Вещи на вокзал перевезли с утра на трамвае, сдали на хранение, помог студент-географ. Поезд уходил днем, провожала Евдокия Терентьевна. Бежали до вокзала с детской коляской; в ней Митя, мешок с керосинкой, еще мешок - с горшком и кастрюлькой. Дорога долгая. Маша боялась за Митю после его болезни.
Прямых поездов на большие расстояния не было, Машу страшили пересадки. Весь путь на восток запомнился ей как непрерывная тревога за детей и надрывное таскание узлов и чемоданов. У Мити заболел животик, Катя кашляла, начинался бронхит. Если была на вокзале детская комната, Маша шла туда, проходили пропускник, без этого не принимали, да Маша и не пыталась миновать санобработки, боялась вшей.

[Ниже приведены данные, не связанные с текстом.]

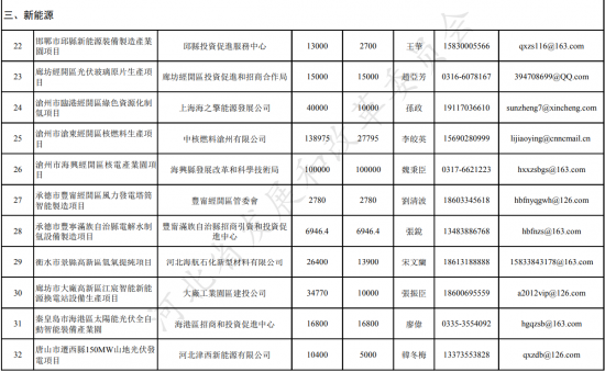 根据2024年河北省利用外资重点招商項目目录显示,本次入选的新能源项目总计12个,包括邯郸市邱县新能源装备制造产业园项目、承德市丰甯经开区风力发电塔筒智能制造项目 、承德市丰宁满族自治县电解水制氢设备制造项目等。

На одной из пересадок пришлось почти сутки провести в зале ожидания. Маша обратила внимание на женщину с тремя детьми. Двое постарше спали на узлах, а маленького мать держала на коленях, поднимала поочередно его посиневшие ручки, дышала на них, согревая. У младенца запрокинулась головка, Маша хотела сказать матери, что это вредно для спящего, но тут увидела полуоткрытый ротик, по которому ползала муха, и поняла: ребенок мертв. Подходили соседки, потом появилась женщина в белом халате - врач или медсестра, следом пришел начальник вокзала, долго уговаривали ее и вместе с ребенком увели. Вернулась она одна, села, закрыла лицо платком, сдернутым с головы, и сидела, тихо постанывая. К ней подходили такие же, как она, странницы, расспрашивали, уговаривали.
Маше сказали, что ребенок страдал животиком, плакал, предлагали отправить в больницу, но мать не отдавала одного, а поехать с ним не могла, не с кем оставить двух других - трех и пяти лет.
Теперь же, когда тело маленького взяли на вскрытие, мать маялась горем. Она не плакала, а все говорила и говорила: зачем делать вскрытие, он и так настрадался, согласилась - пусть хоронят на прибольничном кладбище, самой ей не похоронить, врачиха сказала, возле морга много детских могил, только сделают ли надпись: "Костенька Сысоев, год и пять месяцев",- она просила сделать, чтобы найти, когда война кончится.
Женщины постепенно расходились, укладывались спать, кто на чем, а несчастная мать все продолжала говорить. Из ее тихого бормотания до Марии Николаевны доходили отдельные слова: "Что ж я теперь папке нашему скажу... не довезла тебя, сынок, прости меня... один тут останешься... все будут, а Костеньки нашего не будет..."
Дети, детишки, ребята наши, малые и большие, сколько вы натерпелись, сколько набедовались. Сколько вас убито-замучено, а скольких мы сами не смогли уберечь. И болели, и голодали, и терялись, и пропадали наши дети. И угоняли их, и стреляли их, и топили, и жгли фашисты.
В Челябинске на вокзале Маша устроила своих в детской комнате, убаюкала Митю, пошла к вещам, оставленным под догляд хорошим людям. Поезд через четыре часа, договорилась с носильщиком за хлеб и две пачки махорки - он обещал посадить, занять место в вагоне, поезд сквозной, стоит семь минут. Хлеб отдавать было жалко, но за одну махорку носильщик не соглашался. А Маше разве справиться - двое детей, два чемодана, два узла с постелями, еще корзинка со всякой мелочью, необходимой в дороге. Когда-то Маша кляла себя, что потащила из Москвы столько вещей, но уже в Саратове поняла, что все, называемое теперь с пренебрежением барахлом, помогло им тогда выжить.
Носильщик выпросил у Маши пачку махорки вперед, успокоил - все будет в полном порядке. К посадке он не пришел.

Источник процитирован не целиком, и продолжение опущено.